*** Data extracts Section Begins ***
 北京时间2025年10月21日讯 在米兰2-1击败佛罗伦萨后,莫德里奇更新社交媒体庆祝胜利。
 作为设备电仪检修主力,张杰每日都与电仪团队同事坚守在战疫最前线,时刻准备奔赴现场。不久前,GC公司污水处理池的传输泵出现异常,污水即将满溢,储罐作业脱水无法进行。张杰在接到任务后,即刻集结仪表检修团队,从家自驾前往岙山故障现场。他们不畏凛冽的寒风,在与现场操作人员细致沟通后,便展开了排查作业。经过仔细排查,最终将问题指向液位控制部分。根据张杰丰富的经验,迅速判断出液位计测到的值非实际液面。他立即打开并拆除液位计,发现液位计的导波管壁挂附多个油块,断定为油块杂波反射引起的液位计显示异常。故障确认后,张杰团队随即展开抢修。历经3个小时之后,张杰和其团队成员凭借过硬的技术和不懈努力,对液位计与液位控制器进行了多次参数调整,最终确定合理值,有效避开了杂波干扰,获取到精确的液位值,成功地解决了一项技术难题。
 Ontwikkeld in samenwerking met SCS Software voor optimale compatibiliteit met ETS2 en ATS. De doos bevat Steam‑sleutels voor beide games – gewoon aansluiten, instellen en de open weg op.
*** Data extracts Section Ends ***
*** Data extracts Section Begins ***
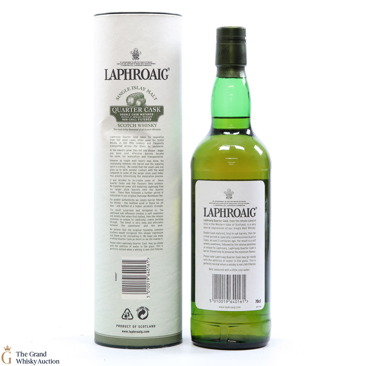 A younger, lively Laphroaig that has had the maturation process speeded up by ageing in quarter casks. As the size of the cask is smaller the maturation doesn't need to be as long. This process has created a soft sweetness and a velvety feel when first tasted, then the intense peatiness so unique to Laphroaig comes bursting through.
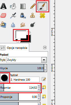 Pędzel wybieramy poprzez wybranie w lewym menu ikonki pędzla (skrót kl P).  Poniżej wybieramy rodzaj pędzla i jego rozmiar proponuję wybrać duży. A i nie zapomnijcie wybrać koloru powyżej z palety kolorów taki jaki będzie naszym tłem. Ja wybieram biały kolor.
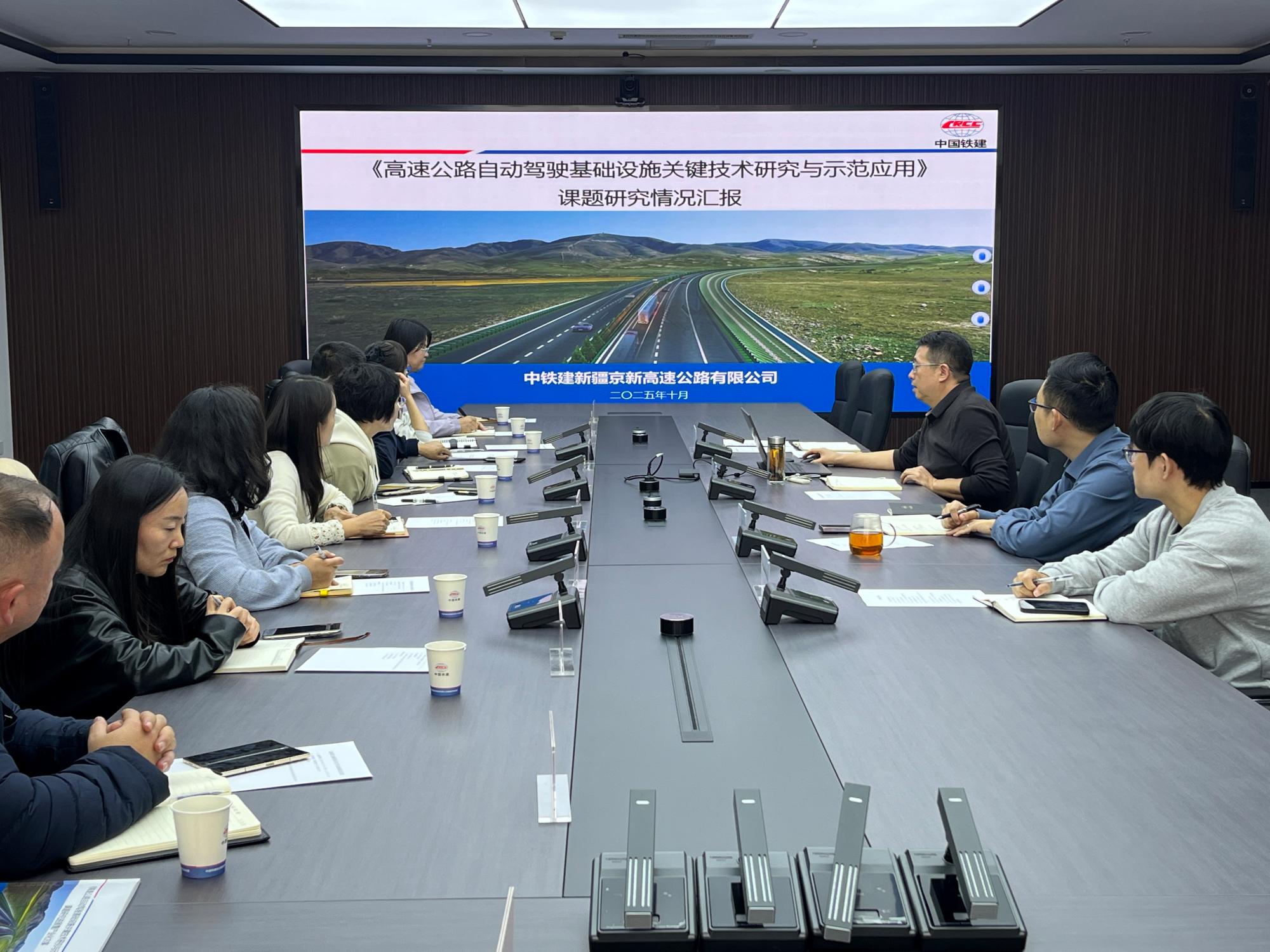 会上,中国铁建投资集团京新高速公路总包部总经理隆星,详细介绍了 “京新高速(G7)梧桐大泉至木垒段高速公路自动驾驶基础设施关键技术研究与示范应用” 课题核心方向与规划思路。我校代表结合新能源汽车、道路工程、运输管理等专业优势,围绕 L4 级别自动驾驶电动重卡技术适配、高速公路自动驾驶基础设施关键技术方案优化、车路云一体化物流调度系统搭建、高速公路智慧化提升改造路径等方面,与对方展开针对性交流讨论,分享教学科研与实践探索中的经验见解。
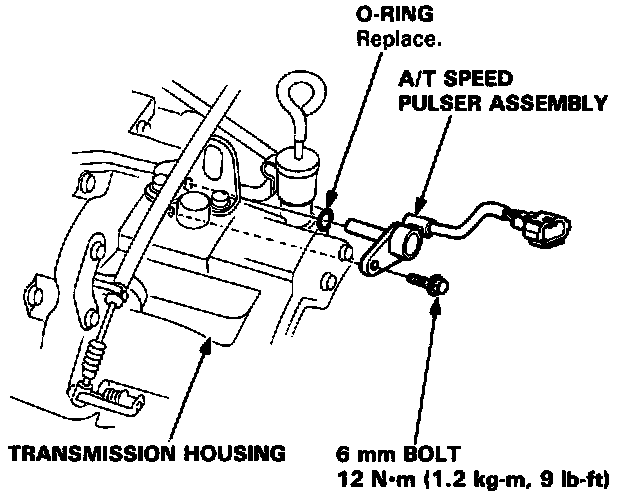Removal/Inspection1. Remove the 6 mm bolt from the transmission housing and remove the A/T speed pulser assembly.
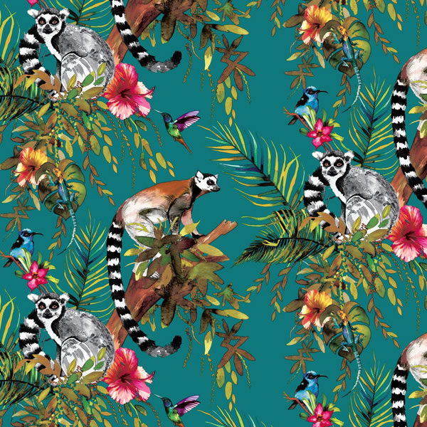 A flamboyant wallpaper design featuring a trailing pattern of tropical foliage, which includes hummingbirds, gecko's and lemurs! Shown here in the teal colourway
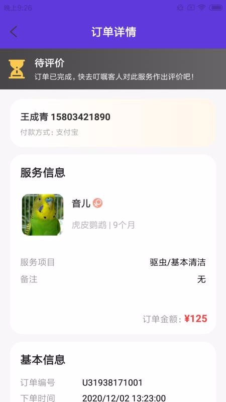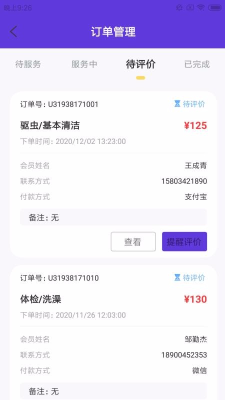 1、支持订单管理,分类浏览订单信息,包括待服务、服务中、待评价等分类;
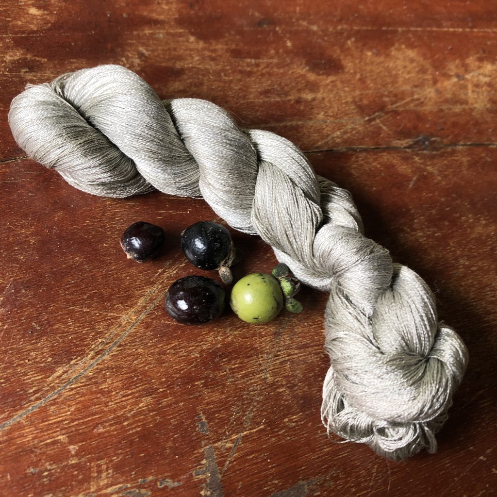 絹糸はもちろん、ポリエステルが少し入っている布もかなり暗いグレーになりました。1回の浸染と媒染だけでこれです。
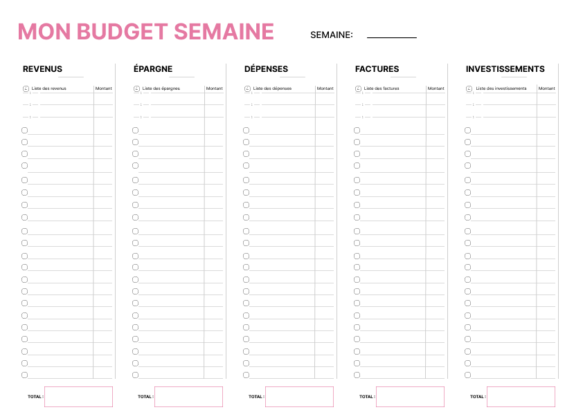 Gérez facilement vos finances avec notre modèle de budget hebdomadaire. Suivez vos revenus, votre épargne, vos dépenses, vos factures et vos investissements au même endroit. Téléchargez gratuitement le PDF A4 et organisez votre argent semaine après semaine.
*** Data extracts Section Ends ***
*** Data extracts Section Begins ***
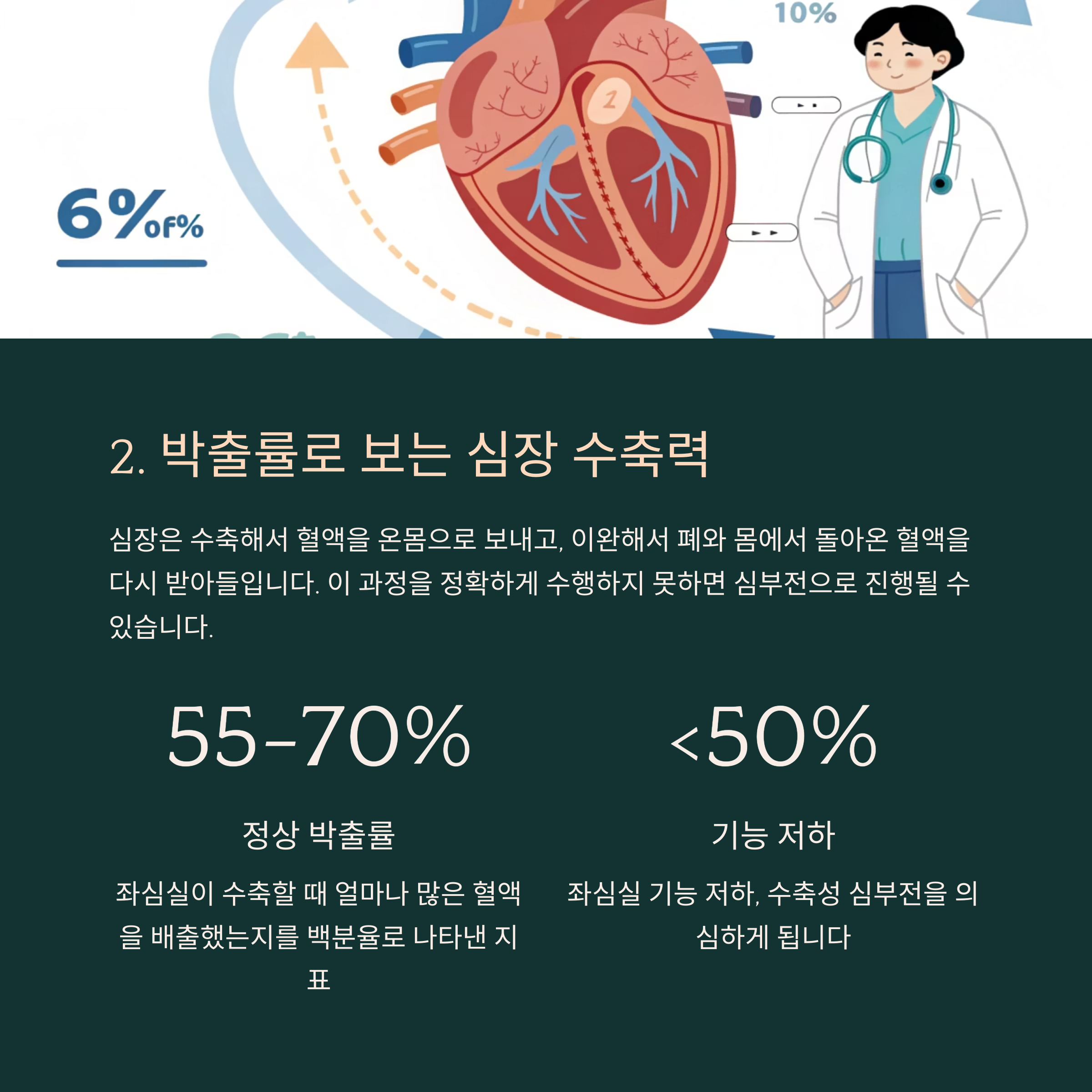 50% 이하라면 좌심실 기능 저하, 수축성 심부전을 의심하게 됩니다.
*** Data extracts Section Ends ***
What you need to do: The lines to extract from the data above begin with the line containing "北京时间2025年10月21" and end with the line containing "Ontwikkeld in samenwerking". Extract them exactly, including both.

Exercise answer:
 北京时间2025年10月21日讯 在米兰2-1击败佛罗伦萨后,莫德里奇更新社交媒体庆祝胜利。
 作为设备电仪检修主力,张杰每日都与电仪团队同事坚守在战疫最前线,时刻准备奔赴现场。不久前,GC公司污水处理池的传输泵出现异常,污水即将满溢,储罐作业脱水无法进行。张杰在接到任务后,即刻集结仪表检修团队,从家自驾前往岙山故障现场。他们不畏凛冽的寒风,在与现场操作人员细致沟通后,便展开了排查作业。经过仔细排查,最终将问题指向液位控制部分。根据张杰丰富的经验,迅速判断出液位计测到的值非实际液面。他立即打开并拆除液位计,发现液位计的导波管壁挂附多个油块,断定为油块杂波反射引起的液位计显示异常。故障确认后,张杰团队随即展开抢修。历经3个小时之后,张杰和其团队成员凭借过硬的技术和不懈努力,对液位计与液位控制器进行了多次参数调整,最终确定合理值,有效避开了杂波干扰,获取到精确的液位值,成功地解决了一项技术难题。
 Ontwikkeld in samenwerking met SCS Software voor optimale compatibiliteit met ETS2 en ATS. De doos bevat Steam‑sleutels voor beide games – gewoon aansluiten, instellen en de open weg op.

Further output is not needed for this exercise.